Home

Main Registry Keys in Microsoft Windows

October 29, 2010 (updated 10 years ago) by Chemtable Software

As we said before, the registry is a hierarchical database where information is presented on a number of levels (up to 6). Hive keys are on the first level. There are five hive keys, each of which begins with “HKEY_” and name of a key:

HKEY_CLASSES_ROOT;
HKEY_CURRENT_USER;
HKEY_LOCAL_MACHINE;
HKEY_USERS;
HKEY_CURRENT_CONFIG

There is also the sixth hive key called HKEY_DYN_DATA. This key stores dynamic data about installed hardware devices. This key data is configured and modified by the operating system at startup and not stored as files.

Registry keys are on the second level, subkeys are on the third and then come values. If we consider the registry in terms of a hierarchical file system, then the levels of the registry can be represented as in the picture below:

In terms of functionality, registry keys can be divided into two categories:

– System-defined keys, i.e. their names are defined by the operating system. If a name is modified, it may result in a failure or malfunctions of Windows.
– User-defined keys. Their names can be modified by the administrator of the computer, and such modifications do not bring any damage to the system.

Similar to key names, names of subkeys can be defined by the operating system or user. In the former case, modifications of a name can cause failures of Windows; in the latter case, such modifications are harmless.
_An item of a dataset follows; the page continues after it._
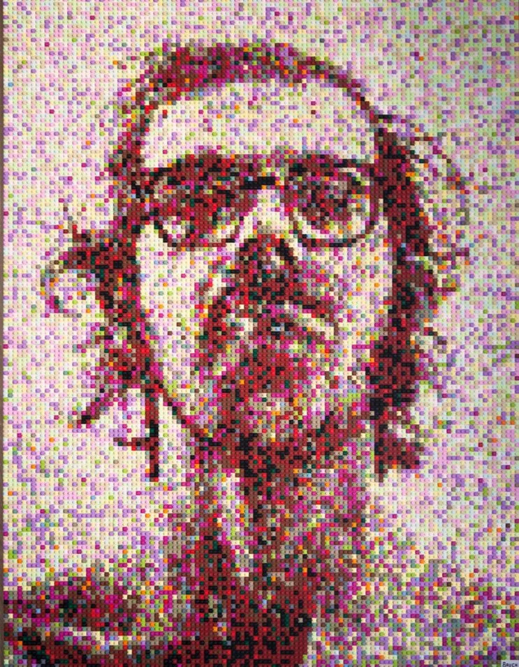 Andy Bauch, hailing from Boston and now residing in Los Angeles, crafts dynamic artworks using LEGO and various materials, prompting contemplation on the increasing dominance of the digital realm over the physical. Drawing inspiration from digital video compression techniques, Bauch opts for LEGO bricks, an instantly recognizable childhood staple, to mirror the pixelated essence of digitization. Employing computer algorithms and software, he meticulously constructs mosaics that symbolize the tangible representation of the abstract menace of technological singularity. Concealing data within icons of pop culture and art history, Bauch challenges viewers to rethink conventional notions of artistic materiality, inviting them to explore deeper and more intricate themes through the guise of cheerful plastic toys. His recent exhibition at The Getty Villa in Malibu showcased his innovative approach, further solidifying his place in the contemporary art scene.

The structure of the registry in 64-bit versions of Microsoft Windows is a little different from the architecture of the registry in 32-bit versions of Windows. The registry has two independent hives: the first hive stores information related to 32-bit components of the operating system, the second contains all information about 64-bit components. The names of keys and subkeys of both hives are almost the same.

Let’s take a closer look at the data stored in each hive.

HKEY_CLASSES_ROOT (HKCR)

This key contains several subkeys with information about extensions of all registred file types and COM servers. This information is necessary for opening files with a double-click, or for drag-and-drop operations. Besides, the HKEY_CLASSES_ROOT key provides combined data to applications that were created for earlier versions of Windows.

HKEY_CURRENT_USER (HKCU)

This key stores settings which are specific to the currently logged-in user (Windows Start menu, desktop, etc.). Its subkeys store information about environment variables, program groups, desktop settings, screen colors, network connections, printers and additional application settings. This information is gathered from the Security ID subkey (SID) of HKEY_USERS for the current user. In fact, this key stores all information related to the profile of the user who is currently working with Windows.

HKEY_LOCAL_MACHINE (HKLM)

This key stores information about installed applications, settings, and drivers. There is also information which is specific to the operating system and hardware, such as type of bus, total size of available memory, list of currently loaded device drivers and information about Windows startup. This key stores the largest ammount of information in the registry and is often used for fine-tuning the hardware configuration of the computer. Information stored in this key is valid for all profiles of registered users.

HKEY_USERS (HKU)

While the HKEY_CURRENT_USER key stores the settings of the current user, this key stores Windows settings for all users. Its subkeys contain information about all user profiles, and one of the subkeys always corresponds to the HKEY_CURRENT_USER key (via the Security ID (SID) parameter of the user). Another subkey, HKEY_USERS\DEFAULT, stores information about system settings at the moment before the start of the current user session.

HKEY_CURRENT_CONFIG (HKCC)

This key stores information about a hardware profile which is used by the local computer at system startup. Hardware profiles allow selecting drivers of supported devices for the specified session.